Que la caza es una actividad cruel y sangrienta parece estar fuera de toda duda. Según la definición del DRAE implica la muerte o captura del animal perseguido, y eso es sangriento, en un caso, o cruel, en el otro. Que la caza sea un deporte o, al menos se pueda considerar como tal, puede ser discutible, sin embargo es una actividad regulada, constituida en federaciones y reglada por el Ministerio de Educación, Cultura y Deporte por medio de la Ley 19/1990 de actividades deportivas.

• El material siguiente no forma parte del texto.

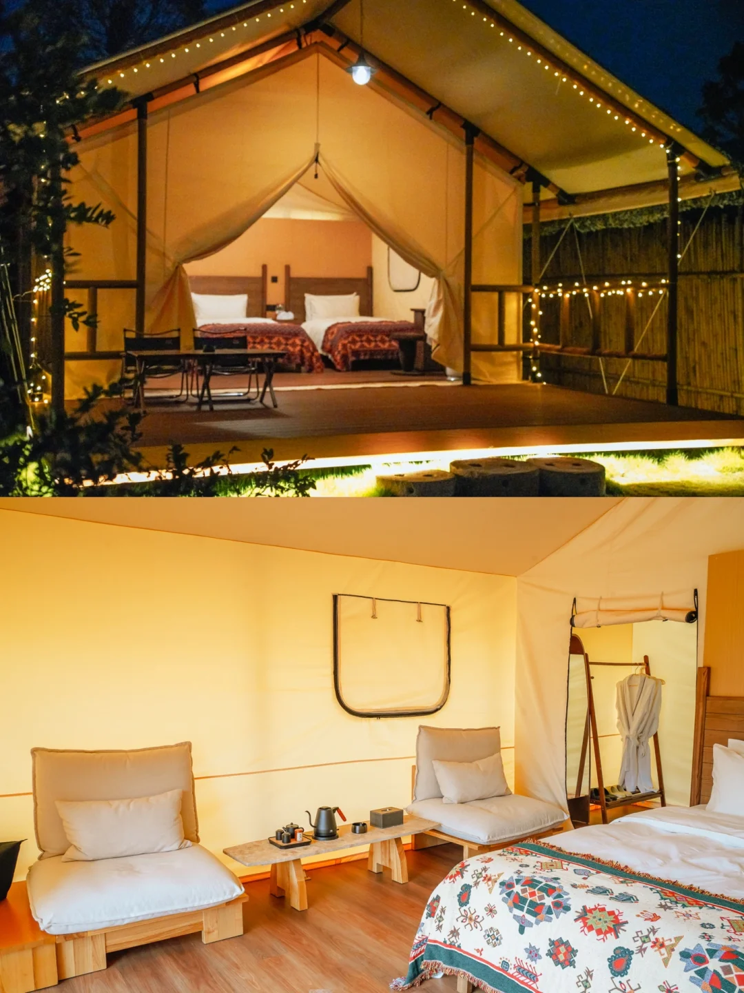 ⛺️本次入住了珪月花园套房,很有特色,高端美学露营设备和帐篷内所需配置,所有方面都是一应俱全。房间配有管家24小时待命,有欢迎水果和独立私密院子,以及独立卫浴、空调、洗浴用品,拎包即可入住。住在帐篷里还能体验晨观日出、夜观星辰的美景。
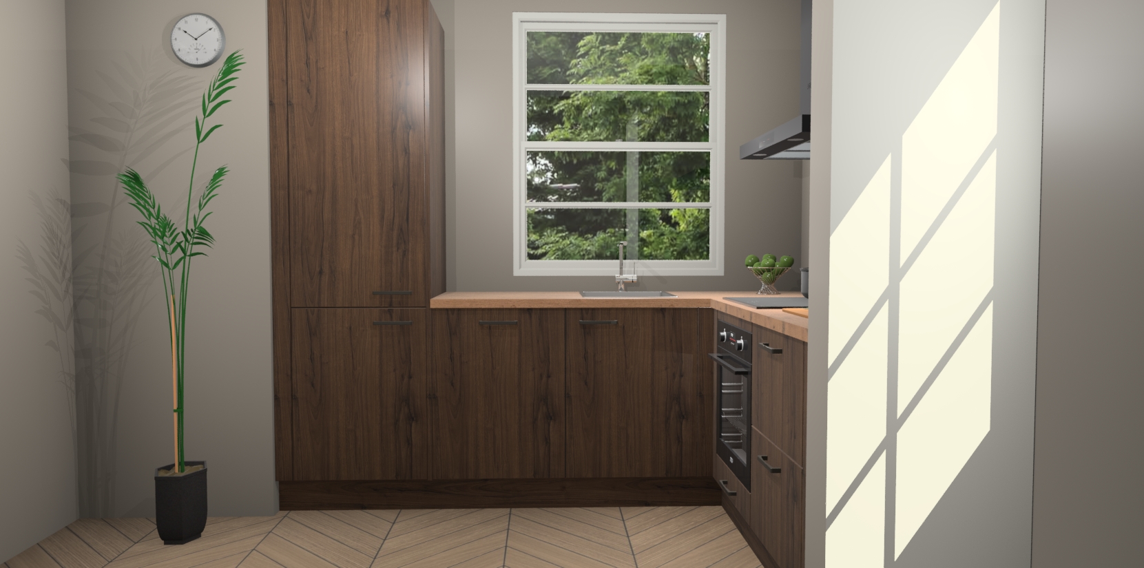 Wilt u een echte aanwinst voor uw keuken, maar bent u op zoek naar iets specialers dan de standaardkeukens? Kies dan voor de Noten keuken Harbin! Dit prachtige hoekkeukenontwerp geeft u alle ruimte om optimaal te genieten van heerlijk koken. Het uitmuntende afwerkingsniveau, de fraaie houtstructuur en de sfeervolle zwarte grepen maken van de Noten keuken Harbin de perfecte keuze voor zowel enthousiaste thuiskoks als design-minded interieurliefhebbers.

En la web de la Real Federación Española de Caza (RFEC), dentro del apartado "¿qué es la caza?", y después de algunas vaguedades románticas sobre la actividad cinegética y alguna foto de animales muertos y sus verdugos, encontramos una definición de lo que supone esta práctica: "Por otro lado, la actividad cinegética es el entramado social que provoca. El levantarse de madrugada y quedar con los amigos (...). Es viajar con los amigos, es dormir en el hotel junto a ellos." Y esto está muy bien. No tenemos nada que reprochar a esos amigos que madrugan para encontrarse, conversar y salir al campo. Bueno, nada salvo que, como es el caso, lo hagan armados y con afán de arrebatar la vida a otros seres. Nada salvo, y esto es lo más importante, quiénes sean esos amigos, qué entramado social supongan y qué clase de conversaciones mantengan. Porque, y parece que esto se le ha escapado a la RFEC, la caza (particularmente la caza mayor, es cierto) suele ser lugar de encuentro de corruptos y poderosos. Suele coincidir con el momento génico de los grandes desmanes económicos, arreglos bajo mano y corruptelas sin fin.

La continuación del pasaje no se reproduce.